Значительно дольше юная герцогиня задержала свой взгляд на прислоненной к стене аркебузе. Теперь она чувствовала себя увереннее, поскольку знала, как следует заряжать это грозное оружие и как из него стрелять.
– Своим решением, – продолжил тем временем епископ, – вы навлекли на себя праведный гнев отца вашего, который отказывается признать ваше обручение и требует, чтобы вы венчались с человеком вашего круга и вашего достоинства.
Епископ как-то странно обвел взглядом всю гостиную, словно бы пытался отыскать человека «ее круга и ее достоинства», но так и не обнаружив его, лишь в последнее мгновение повернулся лицом в сторону генерала де Верлена.

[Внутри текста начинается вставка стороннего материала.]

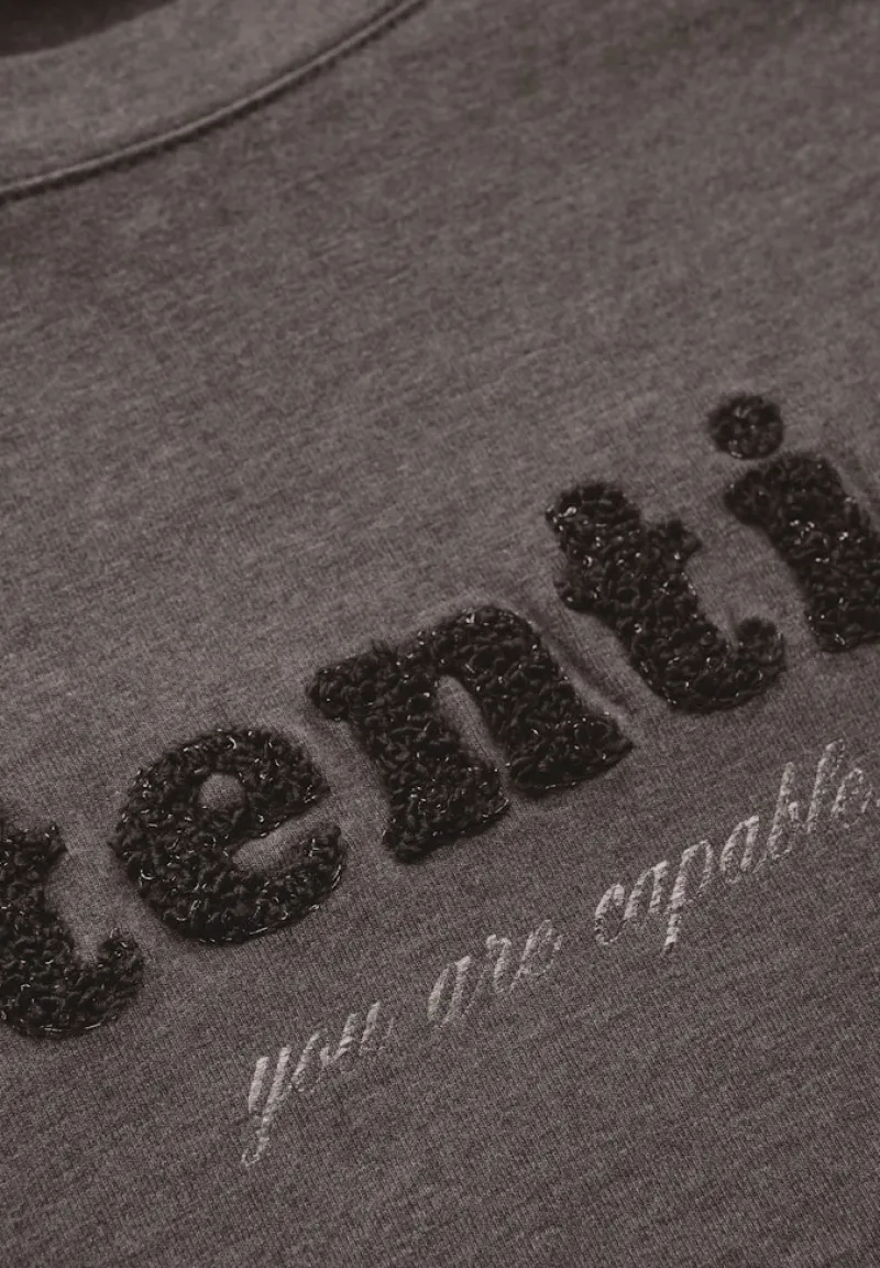 Mit seinem modischen Bouclé Wording und den Dropped Shoulders setzt dieses T-Shirt ein klares Statement. Es kombiniert trendige Elemente mit hohem Tragekomfort und ist somit das perfekte Kleidungsstück für modebewusste Damen.

– Позвольте, я уже обручена, – заметила Маргрет, чувствуя, как к горлу ее подступает комок обиды и растерянности. – Не посмеете же вы, столь высокое духовное лицо…
– Посмею, дочь моя, посмею. Если на исповеди вы раскаетесь в содеянном, объяснив свое действие тем, что на вас нашли слабость и затмение разума; что вас похитили или принудили; и наконец, что вероятнее всего – на вас воздействовали колдовством. Вот именно, колдовством! – воодушевленно ухватился епископ за эту мысль, которая только сейчас посетила его. – Разве не так дочь моя?..
– Какое еще колдовство, ваша святость? Колдовство – это больше по моей части.
Услышав это, герцогиня Алессандра побледнела и раздосадованно всплеснула руками. Она прекрасно знала, что такое настоящий суд инквизиции.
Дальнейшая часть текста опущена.